** Work instruction **
In the listing, locate the line containing "贵阳肠旺面是贵州极负盛名的一", then quote it and all following lines exactly. Omit pictures.

** Supplied information **
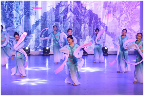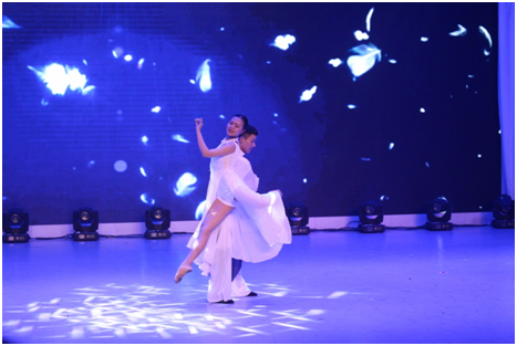 双人舞《寂静的天空》将师生们从激情的印巴舞中带到了悠扬空灵的意境中,舞蹈演员优美的身姿赢得了全场喝彩。
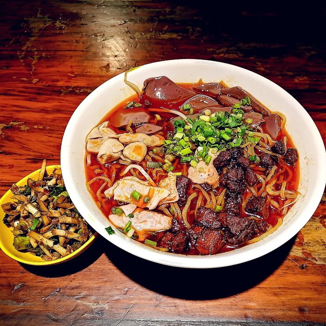 贵阳肠旺面是贵州极负盛名的一种风味小吃,在贵州众多的小吃中,肠旺面有山西刀削面的刀法,兰州拉面的劲道,四川担担面的滋润,武汉热干面的醇香,以色、香、味“三绝” 而著称,具有血嫩、面脆、辣香、汤鲜的风味和口感,以及红而不辣、油而不腻、脆而不生的特点。“肠旺”是“常旺”的谐音,寓意吉祥。贵阳汤旺面入选2019年第十四届贵州旅游产业发展大会评定的“贵州十大名小吃”名单,更是入选由中国烹饪协会主办“中国地域十大名小吃”贵州榜名单。贵阳汤旺面在市区内各小吃街均有卖,其中以龙井巷的“程肠旺”最为代表。
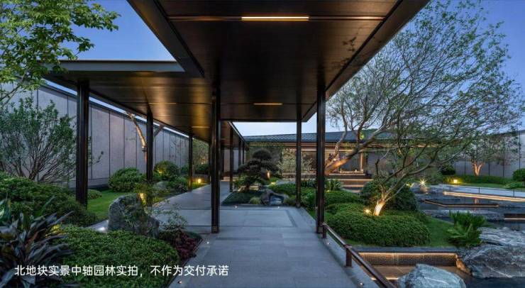 再到北地块大区中轴、归家风雨连廊实景呈现。水景、叠水、凉亭,框出一幅自然灵动的山水画卷,四周辅以各类花木,四季都有极高的观赏价值,在精心搭配设计中展现“漫不经心”的高阶审美。

** Task solution **
 贵阳肠旺面是贵州极负盛名的一种风味小吃,在贵州众多的小吃中,肠旺面有山西刀削面的刀法,兰州拉面的劲道,四川担担面的滋润,武汉热干面的醇香,以色、香、味“三绝” 而著称,具有血嫩、面脆、辣香、汤鲜的风味和口感,以及红而不辣、油而不腻、脆而不生的特点。“肠旺”是“常旺”的谐音,寓意吉祥。贵阳汤旺面入选2019年第十四届贵州旅游产业发展大会评定的“贵州十大名小吃”名单,更是入选由中国烹饪协会主办“中国地域十大名小吃”贵州榜名单。贵阳汤旺面在市区内各小吃街均有卖,其中以龙井巷的“程肠旺”最为代表。
 再到北地块大区中轴、归家风雨连廊实景呈现。水景、叠水、凉亭,框出一幅自然灵动的山水画卷,四周辅以各类花木,四季都有极高的观赏价值,在精心搭配设计中展现“漫不经心”的高阶审美。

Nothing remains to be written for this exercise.